The mildest attempt at blaming the Muslim community for the brazen assault is met with fierce backlash by the unified army of world’s liberals, particularly Muslims living in Europe who are fully aware of what this sentiment has the potential to lead to.
Double standards
Why was this same magnanimity not an option when Afghan families were being repelled in droves, because Pakistanis had almost unanimously decided that their ethnicity makes them a so-called security risk?
Why was the authorities’ brutality against them ignored or even celebrated as an essential push factor?
In fact, it is rather idealistic to expect empathy for foreign elements, when we had a difficult time extending basic human courtesies to our own Internally Displaced Persons.
Over a million predominantly-Pakhtun citizens displaced by the escalation of the counterterrorist operations were urged to remain confined in camps, not just by many conservatives, but Pakistan’s liberal torchbearers as well.
Muslim brotherhood
This is despite the fact that there’s a perfectly tribal reason for us to care about Afghan refugees. We cite Muslim brotherhood while banging away at our keyboards in solidarity with people of Gaza, Rakhine or Kashmir, but make no attempt at checking our ethnic biases when Afghan women and children come knocking at our door.

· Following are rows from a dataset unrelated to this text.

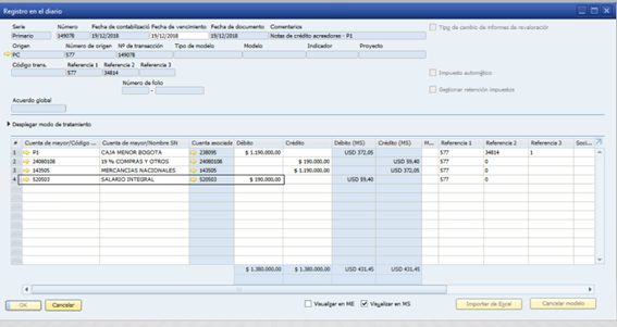 Cuando se tiene la anterior configuración, las Notas créditos funcionan de la siguiente manera
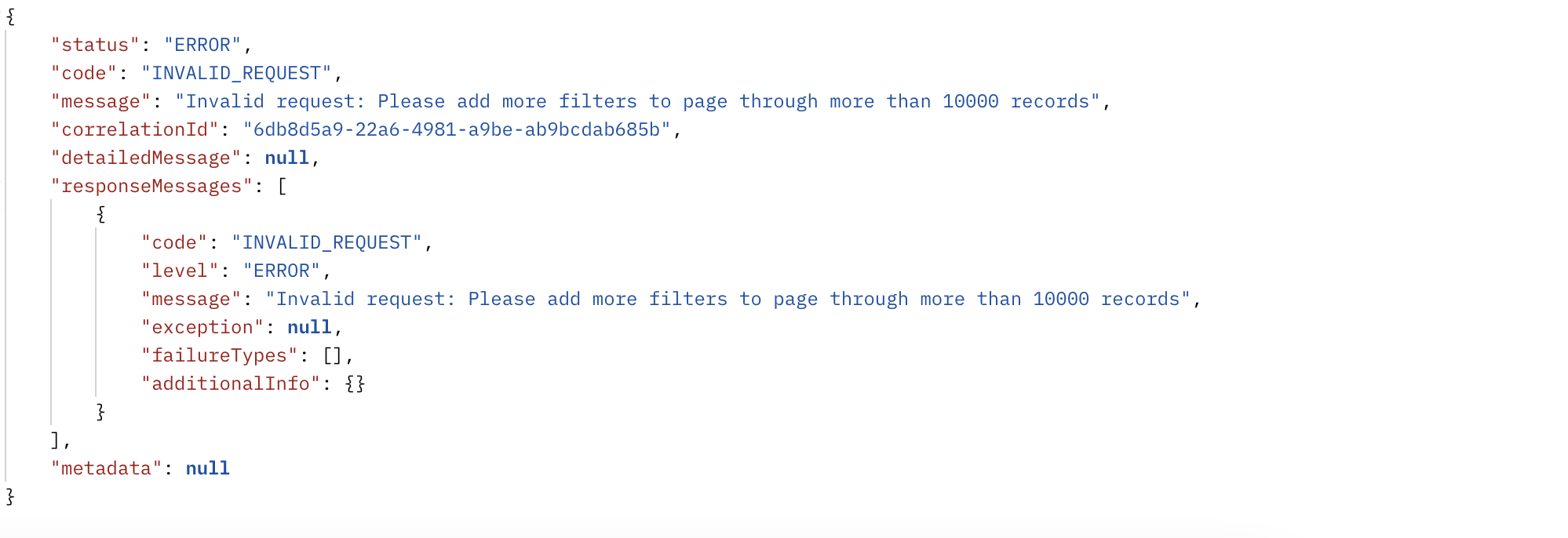 Due to the underlying technical implementation, the API cannot retrieve records beyond the 10,000th execution, even if the page size is increased. If the results exceed this limit, an error will be encountered.
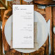 Perfect for place settings, each guest can enjoy a beautifully presented overview of the evening’s meal — from starters to mains and desserts — all styled with understated elegance.
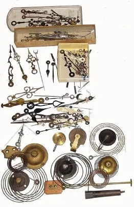 Mixed box lot of around 2 dozen clock hands (mostly old), couple of pulleys, and 8 assorted gongs.
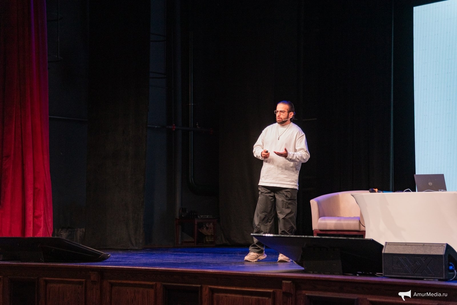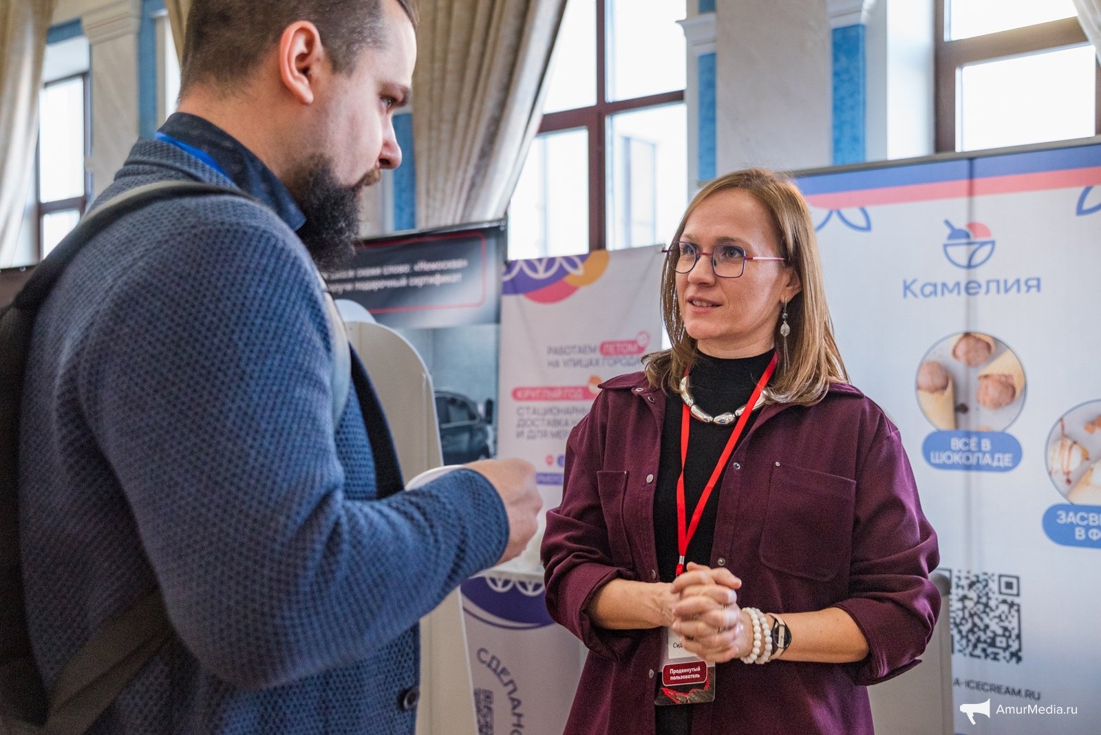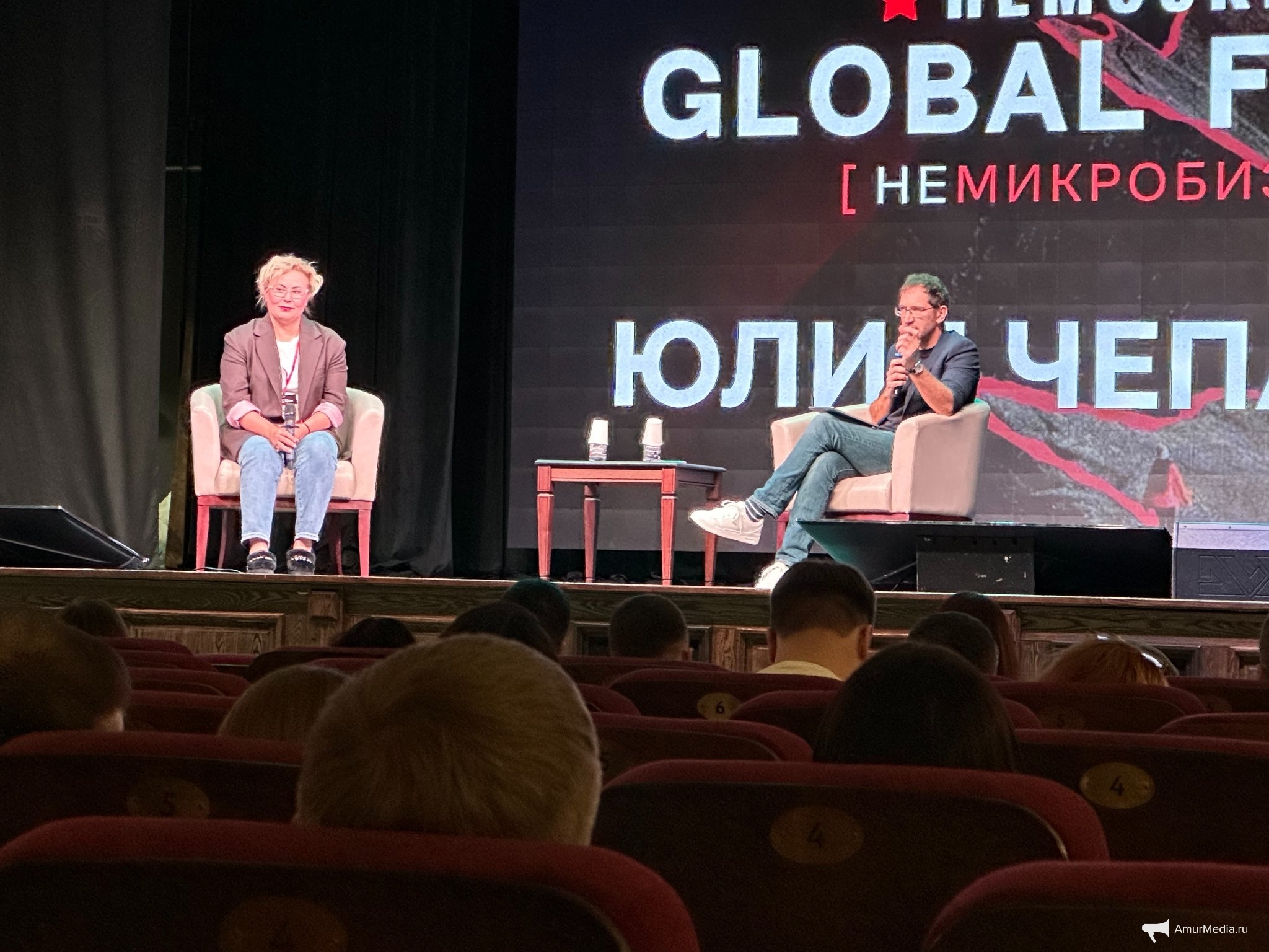 Интересных штрихом первого дня форума стало интервью с трёхкратной олимпийской чемпионкой Юлией Чепаловой, которое у нее взял хабаровский шоу-мен, артист Петр Нестеренко на главной сцене форума. Вопросы были разные, затрагивалась и личная жизнь, и путь к спортивному успеху.
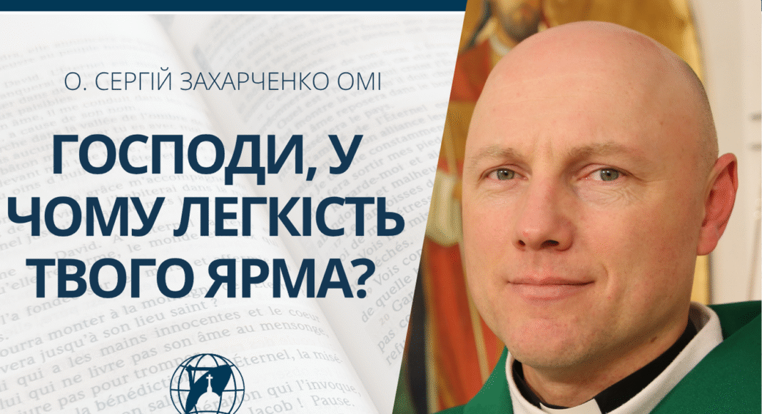 Того часу Ісус, відповідаючи, сказав: «Прийдіть до Мене всі струджені та обтяжені, – і Я дам вам відпочинок! Візьміть Моє ярмо на себе і навчіться від Мене, бо Я лагідний і покірним серцем, – і знайдете відпочинок своїм душам. Адже Моє ярмо любе, і Мій тягар легкий».

From the refugee crisis in Europe to the marginalisation of racial and religious minorities in America, we’ve been offered many opportunities to learn from the developed world’s egregious mistakes.
Instead we decide to use these errors as nothing more than sustenance for our own smug nationalism, and ammo against all that is allegedly Western.
Racism isn’t an exotic affair between white and black people in a land far away.
Racism is what we do to the Afghan immigrants’ right here in Pakistan. And, it is time we acknowledged that.